Good for fomo and good for anyone looking to design a life; why not live in a place that enriches your body! Wherever you live, you can now find work that connects and enriches your mind. Your designed life provides so much of what you seek from travel but also community: getting to say hello to the same people each day for years.
thowawatp302
My traveling taught me that people are the same everywhere, but now that I know that, I no longer want to to travel just travel.
It’s more of a reminder of that
After 35, you don't like traveling but boy do you like 'Vacationing'.
Author is right, after you travel (and slum it a bit) you realize that after surface level cultural/food/history differences everyone kinda/sorta wants similar things in life and while people's life stories are interesting, you start noticing patterns.

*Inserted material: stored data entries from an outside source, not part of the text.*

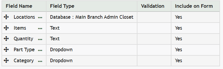 Locations Database | None | A database must be selected as a locations inventory. Multiple databases can be utilized if desired. There are no fields that must be specifically included for functionality. |
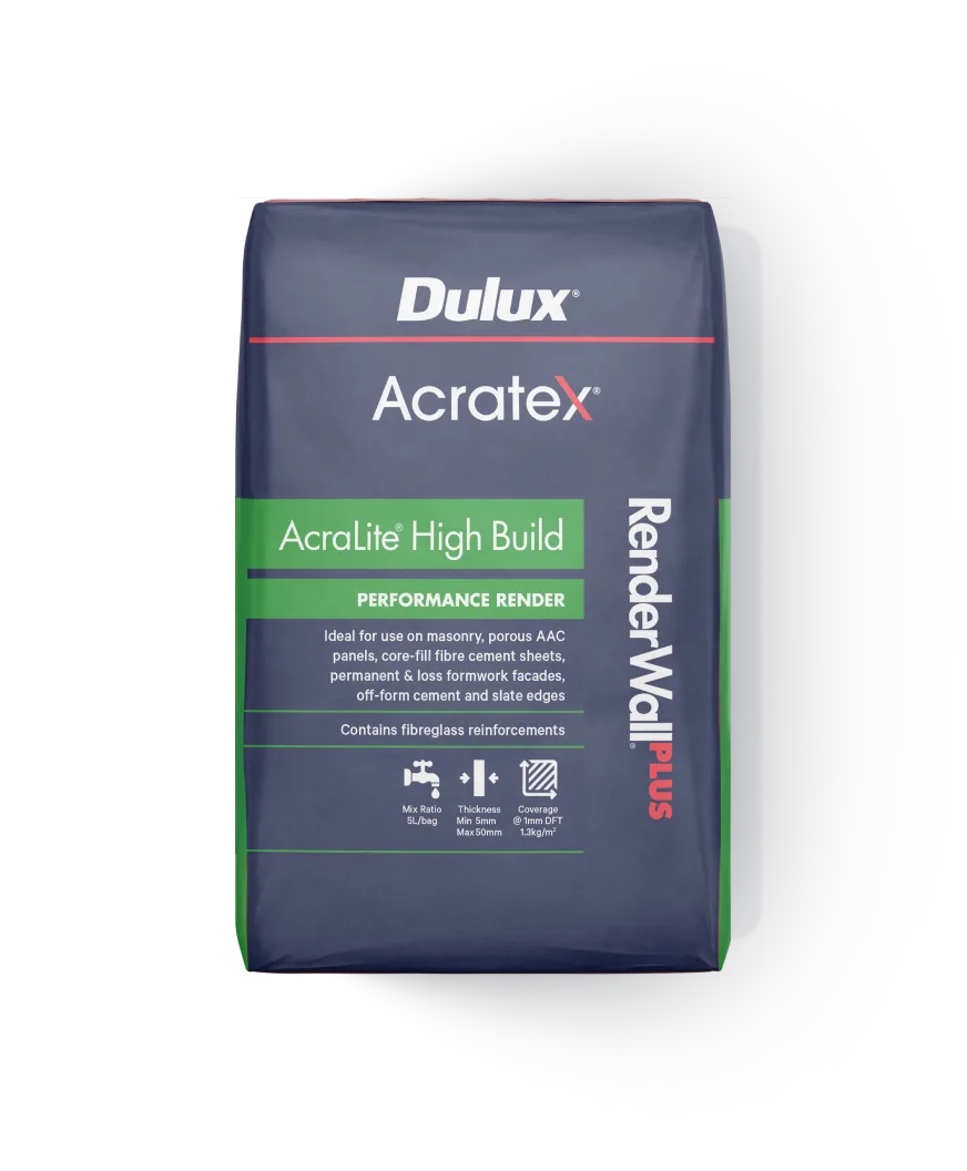 Acratex® Acralite® High Build is a pre-blended Light Weight High Build fibre reinforced High Polymer cementitious base coat. The carefully controlled formulation contains light weight filler, fibres, Portland Cement, Acrylic Polymer and cement modifying agents to provide excellent base coat properties for subsequent levelling and finishing applications. Supplied in dry powder form, RenderWall Plus AcraLite HB requires only the addition of clean potable water to produce a mortar adhesive that exhibits minimal drying shrinkage.
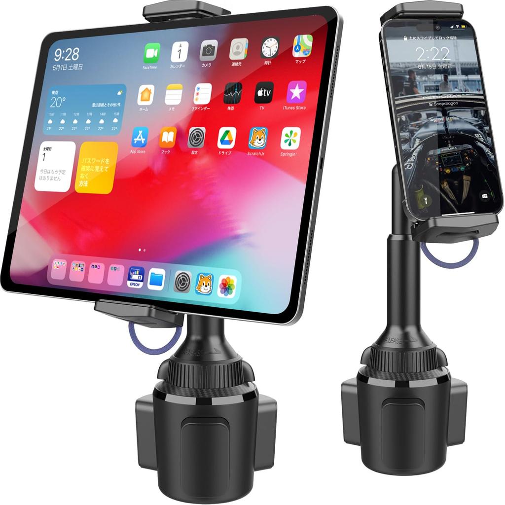 【Widely Adjustable Cup Base】Our improved iPad cup holder mount features a sturdy, wide-adjustable base (approximately 3-4 inches), ensuring a secure fit in most car cup holders. It thoroughly reduces shaking and rattle of your device, even on bumpy roads or at high speeds, providing exceptional stability.
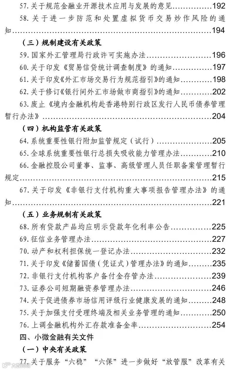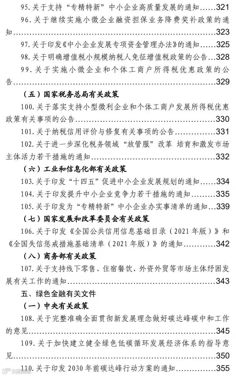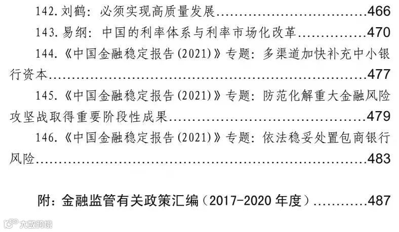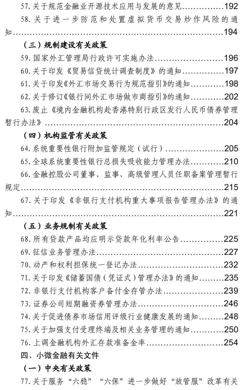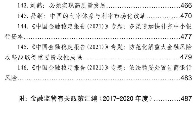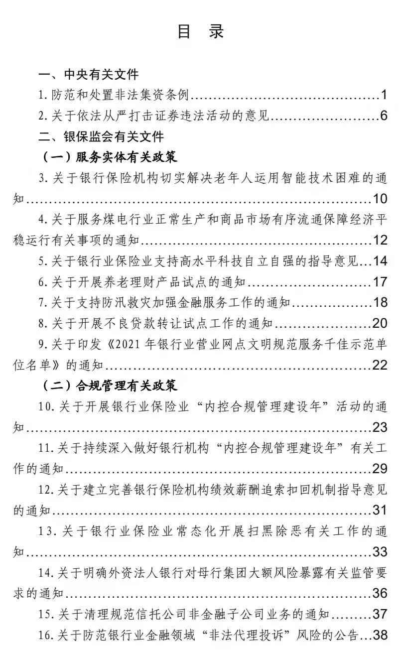 与此同时,结合经济社会和金融行业热点问题,《金融监管有关政策汇编(2021年度)》创新设置了小微金融、绿色金融、金融服务乡村振兴等3个政策专题。
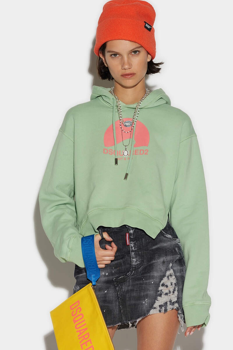 - PRODUCT ID: S75GU0450S25030636 - COTTON SWEATSHIRT - CROPPED FIT - DRAWSTRING HOOD - SIDE SLITS - FRONT "DSQUARED2 SURF & FUN" PRINT - MADE IN ITALY PRIMARY FABRIC: 100% COTTON. SECONDARY FABRIC: 94% COTTON, 6% ELASTANE-SPANDEX Side cuts and a cropped yet oversize silhouette make this hoodie the perfect go-to for your off-duty weekend stylings. Slide it on with one of our distressed denim numbers or shorts.
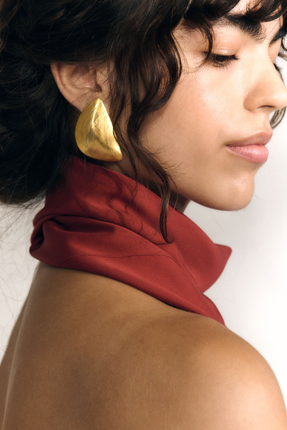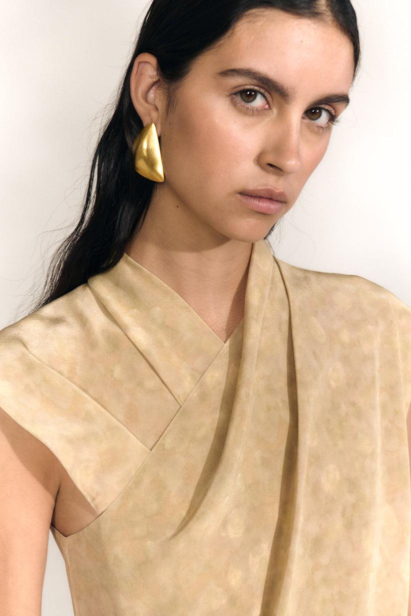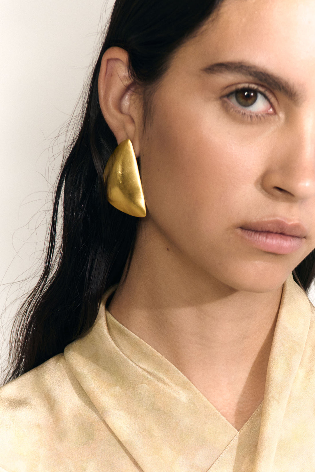 Pendiente triangular con cierre a presión. Parte de la colección Noapte realizado a mano en plata de ley 925 y bañado en oro de 3 micras.
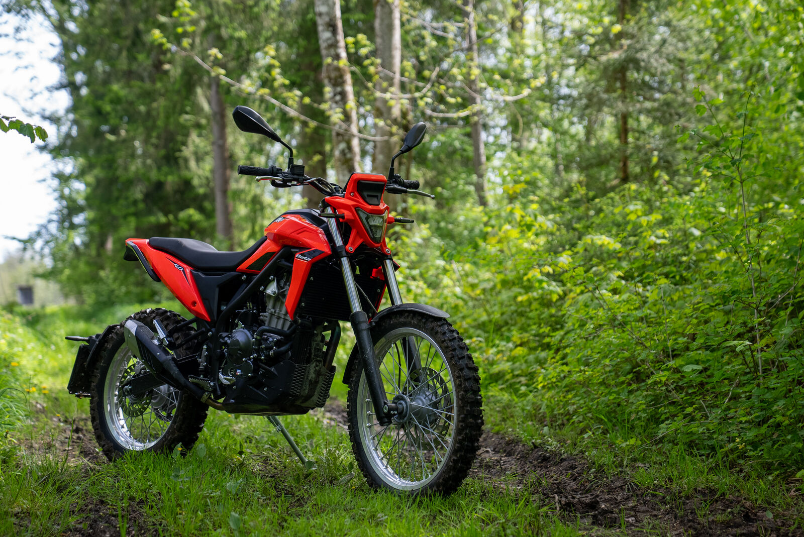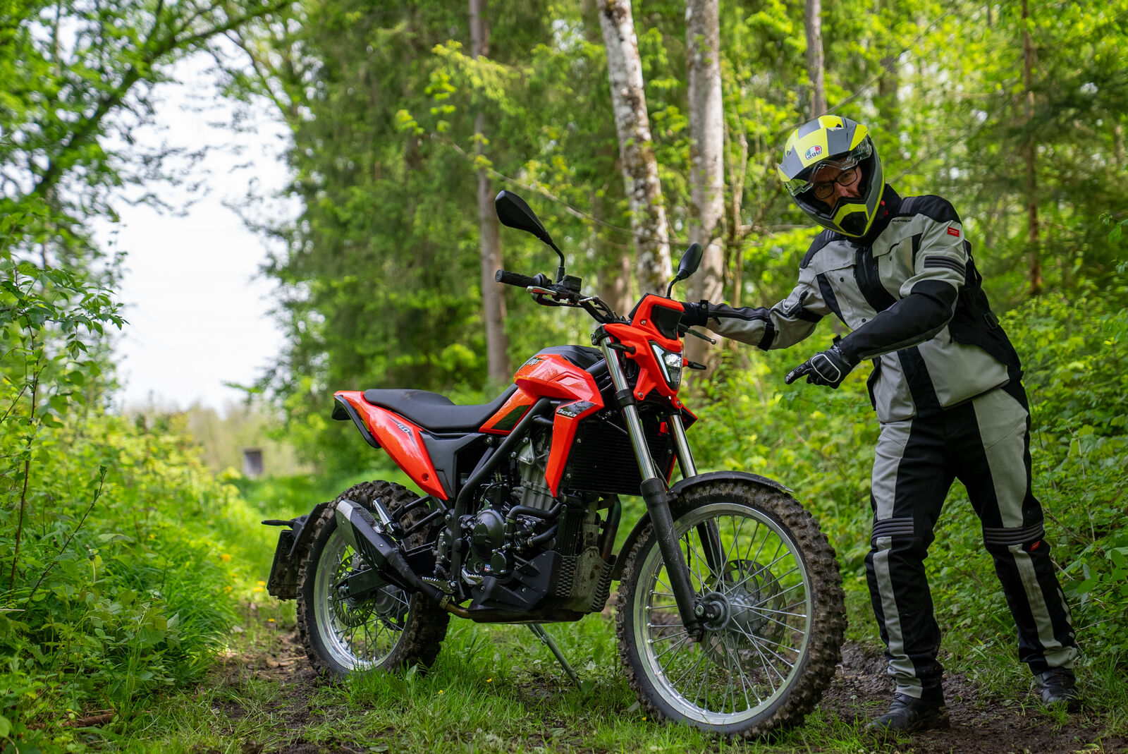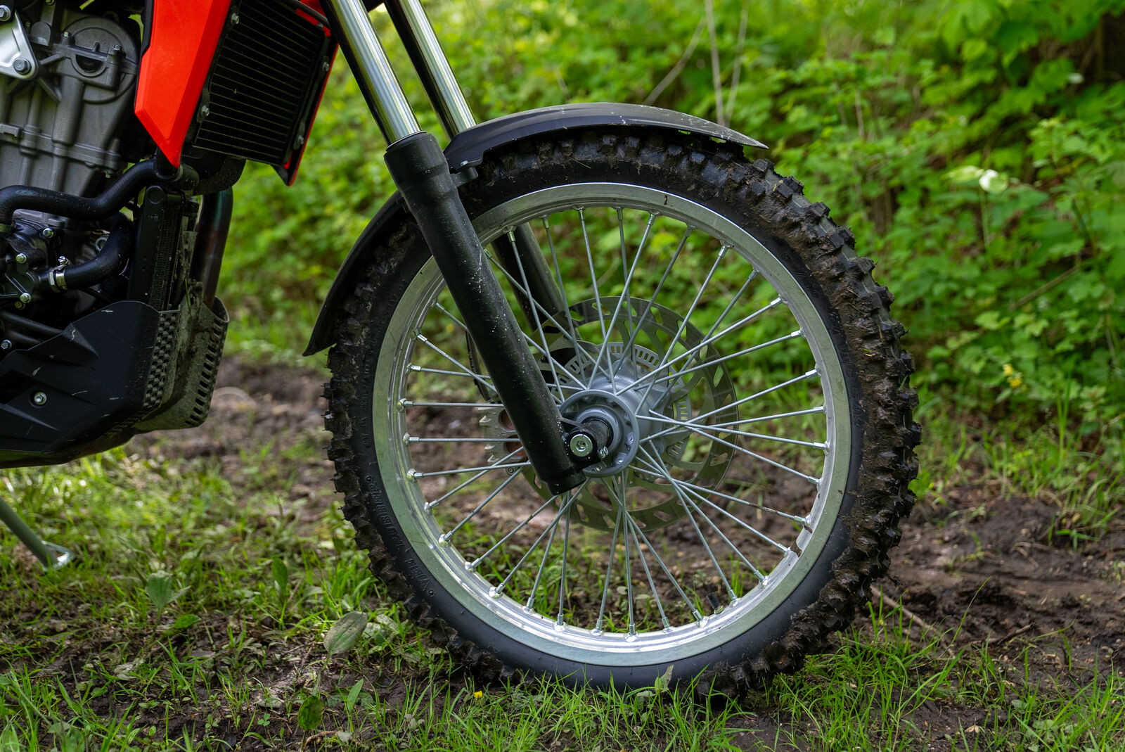 Natürlich darf man nicht erwarten, dass der kleine Motor ein Kraftprotz ist. Man sollte die Alp auch nicht mit einer Sportenduro verwechseln. Aber ab 4.000 Touren legt der Motor richtig los und man kommt überall rauf und runter. In der Originalausstattung sind Reifen von VR Rubber montiert. Die Dimension vorne mit 90/90 und hinten 140/80 ist ein Standardmaß für Enduros, sodass man aus einer Vielzahl von Reifen wählen kann. Für mich hat die Kombination mit einem Reifendruck vorne von 1,5 Bar und hinten 1,7 Bar sehr gut gepasst. Ich hatte sowohl auf Schotter den richtigen Grip und bin auch sehr gut durch die Kurven gekommen, ohne viel zu rutschen.

OTOH, (Caveat:I don't have enough money for this) there is nothing that recharges you more than first class tickets somewhere beautiful and getting pampered in a resort. People (esp in their 20's) poo poo this. Rightly so, you should be experiencing the "real culture". But me, I've done that already, I'm gonna sit in the Four Seasons.
P.S: Another thing I'd suggest the author try is fitness trips! Big Hikes, marathons, surfing competitions? Nothing speedruns cultural competency like doing a really difficult thing somewhere new. Get Travel insurance.